Since I only work with compressed video (DV or m2t), tape to PC transfers are no brainers (my HP 41CV calc can do it). For renders I need to read and write as fast as 4 cores (8 later) can chew the data.

The more complex the render, the more work the processors have to do, the lesser the demand on the drives (the CPUs choke).
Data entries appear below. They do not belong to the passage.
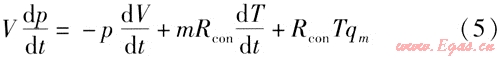 ② 調(diào)壓器內(nèi)氣體參數(shù)采用集中參數(shù)法處理,即認(rèn)為同一個(gè)腔室內(nèi)氣體分布均勻,參數(shù)處處相等;
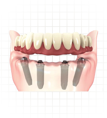 Also known as Implant retained overdenture or palateless snap on denture.
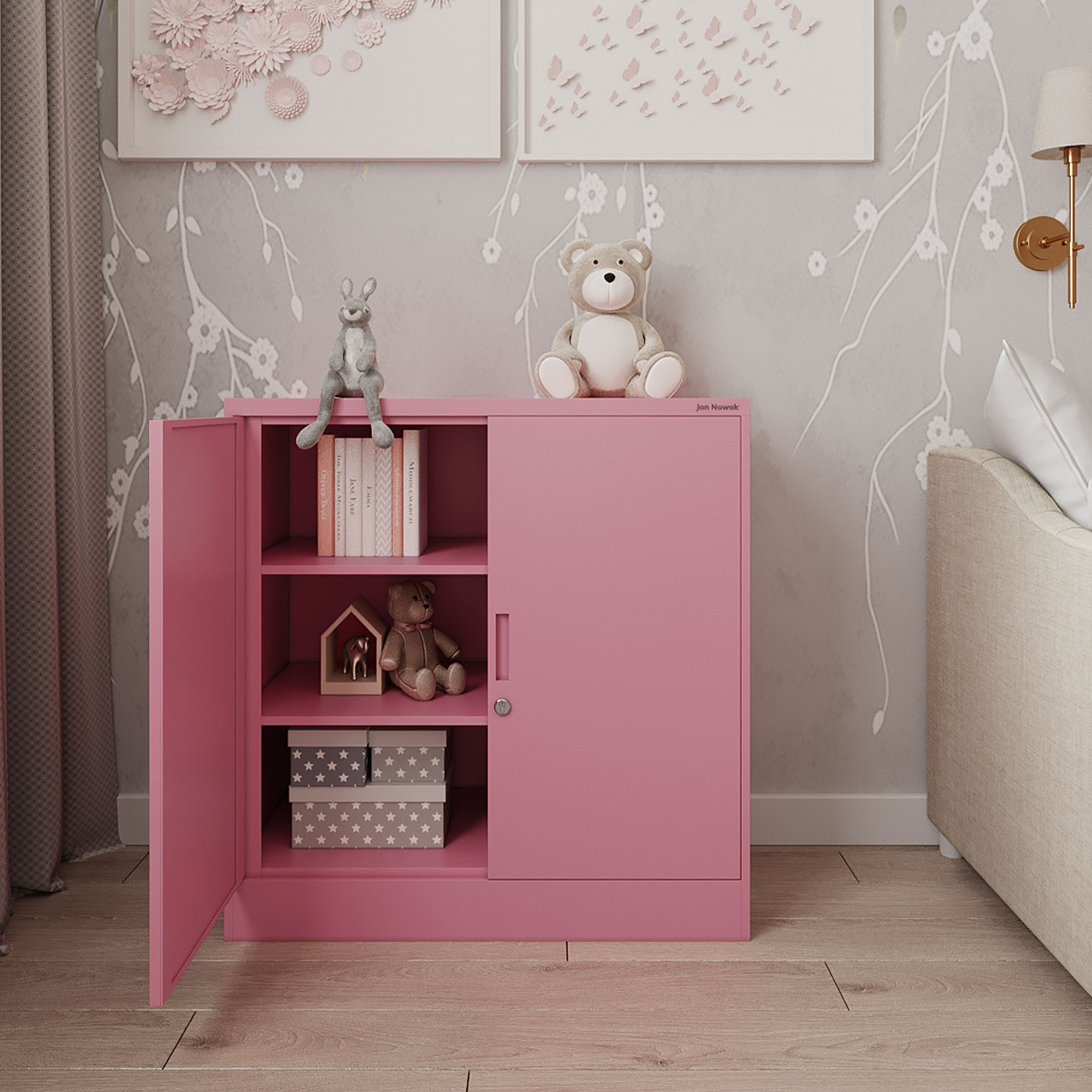 A BEATA szekrény a minőség, tartósság és esztétika szinonimája. Úgy van tervezve, hogy megfeleljen a modern munkakörnyezet legigényesebb követelményeinek is. Finom rózsaszín árnyalata (RAL 3015 púderrózsaszín) nyugalmat és harmóniát kölcsönöz irodájának, miközben támogatja kreativitását és produktivitását.

I ran John Cline's rendertest at 1:51 sec. with all 4 cores at 98%. Both the read and write disks barely registered above 4 GB/s. So I made the right decision in not striping. Did I?
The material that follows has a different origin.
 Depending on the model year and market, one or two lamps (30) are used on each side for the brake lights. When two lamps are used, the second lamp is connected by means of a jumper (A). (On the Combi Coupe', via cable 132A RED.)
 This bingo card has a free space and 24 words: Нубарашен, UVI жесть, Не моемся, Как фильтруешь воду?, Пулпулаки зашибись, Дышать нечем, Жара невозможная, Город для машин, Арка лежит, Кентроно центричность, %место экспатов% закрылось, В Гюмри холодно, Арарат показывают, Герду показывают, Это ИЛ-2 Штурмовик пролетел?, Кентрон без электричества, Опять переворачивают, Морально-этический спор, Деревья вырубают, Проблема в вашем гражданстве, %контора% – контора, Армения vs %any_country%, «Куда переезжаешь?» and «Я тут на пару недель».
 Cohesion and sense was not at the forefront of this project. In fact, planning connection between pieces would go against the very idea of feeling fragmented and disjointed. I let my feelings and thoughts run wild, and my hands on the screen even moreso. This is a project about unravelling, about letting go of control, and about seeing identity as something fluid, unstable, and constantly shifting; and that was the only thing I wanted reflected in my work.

I made a validation test for the drives using large file transfers and all 7200.11 drives showed that they can sustain 100 MB/s and spiked to 108 MB/s (Their spec is 105 MB/s)

BUT ... When I ran simpler projects in DV, rendering to MainConcept MPEG2 using standard DVD template something interesting showed up.

The 4 cores only run at 70%, meaning they can do more, so I suspected the drives were not reading or writing fast enough. Oh no, I needed the RAID 0 after all. But did I?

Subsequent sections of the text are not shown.